Она перестала смеяться. Хотя более смешную карти­ну трудно себе представить: дождь, закрытая палатка, а перед ней мокрый, взъерошенный Артем, пытающийся объясниться в любви. И как назло, все нужные слова куда-то подевались.

— Что же ты мне говорил в шалаше?

— Я хочу на тебе жениться, — сказал он.

— А я совсем не хочу выходить замуж.

— Так уже заведено: рано или поздно женщина вы­ходит замуж, а мужчина женится...

— Ну и женись, а я тут при чем?

— Как это при чем? — опешил Артем. — Я на тебе хочу жениться!
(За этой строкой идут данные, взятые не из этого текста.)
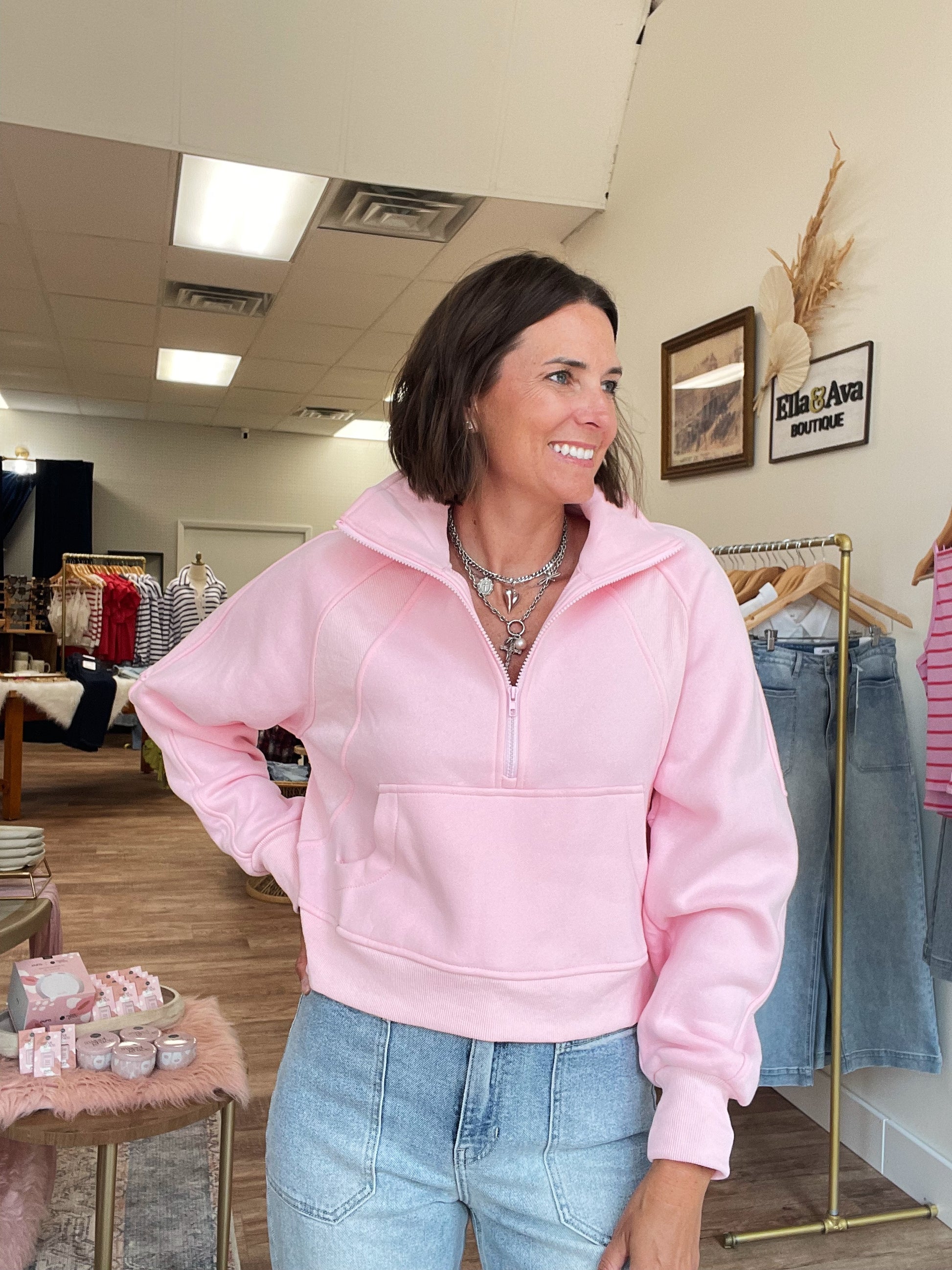 Pink Funnel Neck Half Zip

— Какое унылое объяснение в любви... Как эта уны­лая погода.

— Ты уж извини, как-то вот не научился... — сказал Артем и передернул плечами: за шиворот скатилась хо­лодная струйка. — Наверное, опыта нет... Можно к тебе?

— Нет.

— Посторонним вход воспрещен, — усмехнулся Ар­тем. — Ничего не скажешь, строгая ты... девушка!

Она промолчала.

— Значит, не пустишь? Я ведь под дождем стою.

— Иди в свой шалаш.

Артем слизнул с усов капли и подергал за белый шнур, натягивающий палатку.

— Это ведь нелепо, после того что у нас было, — сказал он. — И потом я действительно хочу на тебе же­ниться... К чему это глупое упорство?

— Ты, пожалуйста, больше не напоминай про то, что было... По-моему, это нехорошо — напоминать....

— Ну, что тебе еще надо, черт побери?! — рассвире­пел Артем. — Я тебя люблю, готов на тебе жениться хоть сейчас, а ты...

— Не кричи, — тихо сказала она. — Лучше сходи и поищи Киру... Куда бы это она могла запропаститься?

— При чем тут Кира? — завопил Артем. — Я чув­ствую, что становлюсь круглым идиотом, разговаривая с тобой...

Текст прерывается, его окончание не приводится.